Al acercarse al margen del río, los estridentes gritos de los carroñeros llenaron el aire: cuervos, grajos y urracas en su mayoría, pero también había otros. Halcones, águilas e incluso una o dos lechuzas, revoloteando en apretados círculos sobre los árboles.
Bran se detuvo al borde del agua. El suelo blando de la ribera estaba revuelto y pisoteado de forma irregular, como sí una manada de jabalíes gigantes hubiera decidido arar el margen del río con sus colmillos. No había cadáveres a la vista, pero aquí y allí, las moscas zumbaban en nubes negras y espesas sobre charcos de sangre coagulada que había quedado estancada en las huellas de los cascos de los caballos. El aire era pesado y fétido, como el repugnante aroma de la muerte.
Bran desmontó y se dirigió a pie hacia el camino donde el grueso de la batalla había tenido lugar. Miró al suelo y vio que, en el lugar donde pisaba, la tierra tomaba un profundo tono escarlata, donde la sangre de los guerreros había impregnado el suelo en el que murieron.
— Aquí es donde ocurrió -musitó el hermano Ffreol-. Aquí es donde cayeron los guerreros de Elfael.
— Sí -confirmó Iwan, con el rostro sombrío y gris por la fatiga y el dolor-. Aquí es donde nos emboscaron y fuimos masacrados. -Alzó la mano y señaló el ancho recodo del río-. Ahí, Brychan cayó allí -dijo-. Cuando lo alcancé, el agua ya se había llevado su cuerpo.
Bran, con los labios tan fruncidos que semejaban una fina línea blanca, miró al agua y no dijo nada. Hubo un tiempo en el que pudiera haber sentido una punzada de dolor por la muerte de su padre, pero ahora no. Años de agravios acumulados habían apartado a su padre de sus afectos. La pena, por sí misma, no podía vencer el rencor y la amargura, ni superar la dolorosa distancia entre ambos. Susurró una fría despedida y se volvió, una vez más, hacia el campo de batalla.
Imágenes de caos acudieron a su mente: una desesperada batalla entre los britanos, trágicamente inferiores en número y apenas armados, y pesados y corpulentos caballeros francos, guarnecidos con cotas de malla. Vio una neblina sangrienta pender como una gasa en el aire, por encima de la matanza y oyó el eco de los aceros entrechocando, de los filos cortando la madera y el hueso, los efímeros gritos y relinchos de hombres y caballos mientras morían.

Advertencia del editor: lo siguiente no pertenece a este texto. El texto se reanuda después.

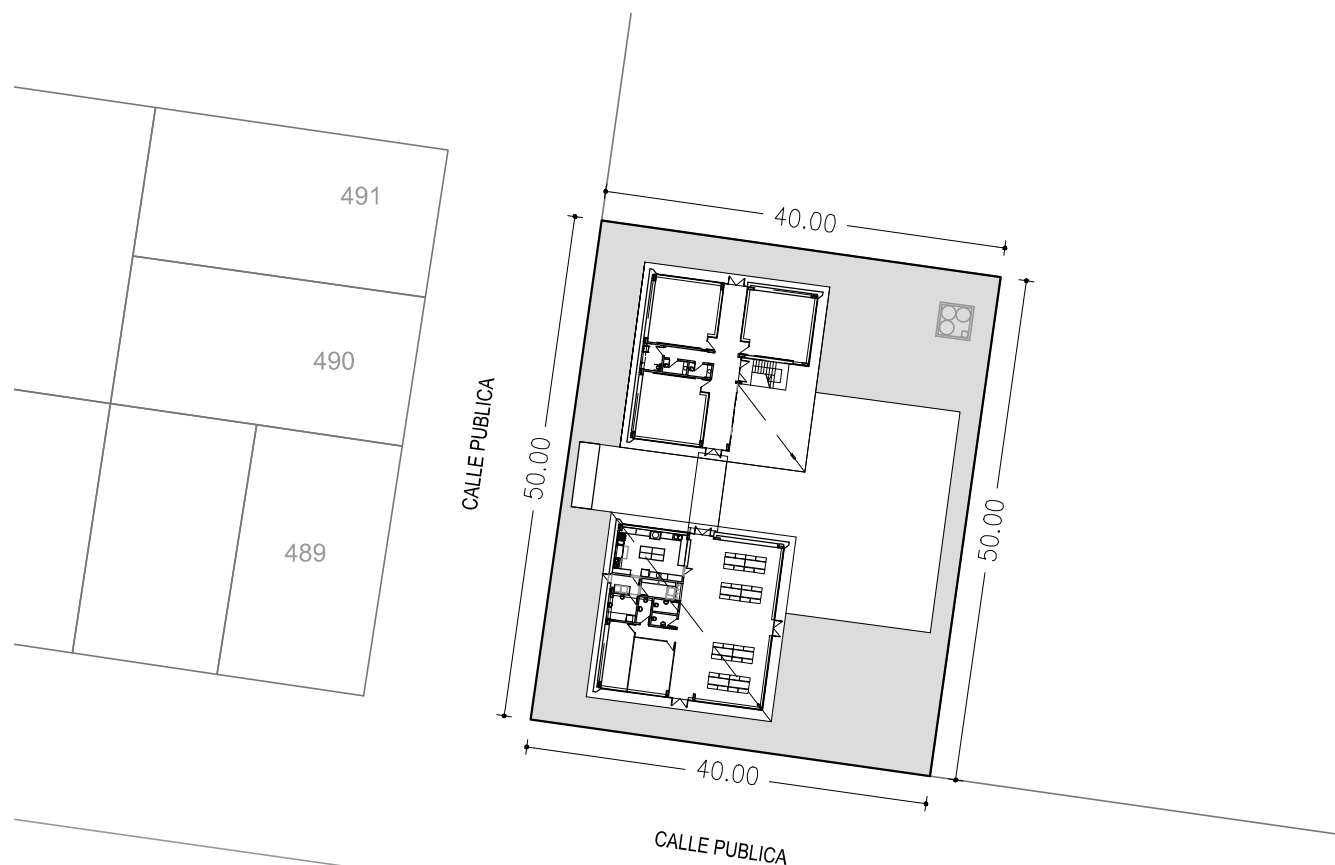
PLANTA IMPLANTACIÓN Esc 1/750

Observando el bosque hacia el norte vio a los pájaros arremolinándose, en un frenesí por conseguir alimento. Graznando, chillando, revoloteaban y luchaban, batiendo las alas, unos contra otros, en su avaricia. Tomando unas piedras de la ribera, se dirigió hacia aquel lugar, arrojándoselas a los pájaros carroñeros mientras corría.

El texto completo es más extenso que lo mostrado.